LLM Router

Chat UI includes an intelligent routing system that automatically selects the best model for each request. When enabled, users see a virtual "Omni" model that routes to specialized models based on the conversation context.

The router uses katanemo/Arch-Router-1.5B for route selection.

Configuration

Basic Setup

ini

# Arch router endpoint (OpenAI-compatible)
LLM_ROUTER_ARCH_BASE_URL=https://router.huggingface.co/v1
LLM_ROUTER_ARCH_MODEL=katanemo/Arch-Router-1.5B

# Path to your routes policy JSON
LLM_ROUTER_ROUTES_PATH=./config/routes.json

Routes Policy

Create a JSON file defining your routes.

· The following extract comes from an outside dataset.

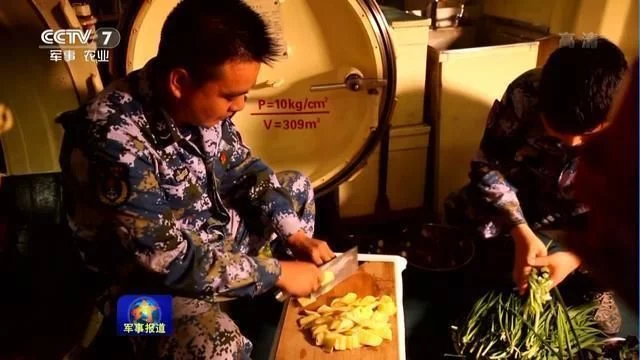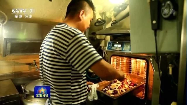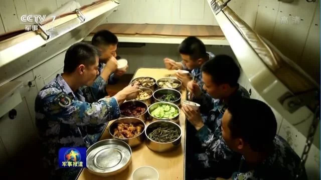 潜艇厨房里面有一个多功能烤箱,因为潜艇上面不能炒菜只能用来烤。它可以用来烤鸡翅,牛肉等食物。潜艇兵执行任务需要高度集中精力,下班后基本身心俱疲,食欲不振。潜艇上只好把吃饭当成必须成的任务:每顿饭吃一碗及格,两碗良好,三碗优秀,不好吃也要捏着鼻子吃。 解放军从建军之日起就严格规定"官兵一致",具体落实到吃饭这个问题上不像一般外军那样军官和士兵分开,而是按照工作地域、性质和岗位的不同将伙食分为四类标准: 一类灶:战士、与战士同餐的军官、国防施工分队和驻生活条件艰苦的边防、岛屿部队;

Each route specifies:

json

[
	{
		"name": "coding",
		"description": "Programming, debugging, code review",
		"primary_model": "Qwen/Qwen3-Coder-480B-A35B-Instruct",
		"fallback_models": ["meta-llama/Llama-3.3-70B-Instruct"]
	},
	{
		"name": "casual_conversation",
		"description": "General chat, questions, explanations",
		"primary_model": "meta-llama/Llama-3.3-70B-Instruct"
	}
]

Fallback Behavior

ini

# Route to use when Arch returns "other"
LLM_ROUTER_OTHER_ROUTE=casual_conversation

# Model to use if Arch selection fails entirely
LLM_ROUTER_FALLBACK_MODEL=meta-llama/Llama-3.3-70B-Instruct

# Selection timeout (milliseconds)
LLM_ROUTER_ARCH_TIMEOUT_MS=10000

Multimodal Routing

When a user sends an image, the router can bypass Arch and route directly to a vision model:

ini

LLM_ROUTER_ENABLE_MULTIMODAL=true
LLM_ROUTER_MULTIMODAL_MODEL=meta-llama/Llama-3.2-90B-Vision-Instruct

Tools Routing

When a user has MCP servers enabled, the router can automatically select a tools-capable model:

ini

LLM_ROUTER_ENABLE_TOOLS=true
LLM_ROUTER_TOOLS_MODEL=meta-llama/Llama-3.3-70B-Instruct

UI Customization

Customize how the router appears in the model selector:

ini

PUBLIC_LLM_ROUTER_ALIAS_ID=omni
PUBLIC_LLM_ROUTER_DISPLAY_NAME=Omni
PUBLIC_LLM_ROUTER_LOGO_URL=https://example.com/logo.png

How It Works

When a user selects Omni:

Chat UI sends the conversation context to the Arch router
Arch analyzes the content and returns a route name
Chat UI maps the route to the corresponding model
The request streams from the selected model
On errors, fallback models are tried in order

The route selection is displayed in the UI so users can see which model was chosen.

Message Length Limits

To optimize router performance, message content is trimmed before sending to Arch:

ini

# Max characters for assistant messages (default: 500)
LLM_ROUTER_MAX_ASSISTANT_LENGTH=500

# Max characters for previous user messages (default: 400)
LLM_ROUTER_MAX_PREV_USER_LENGTH=400

The latest user message is never trimmed.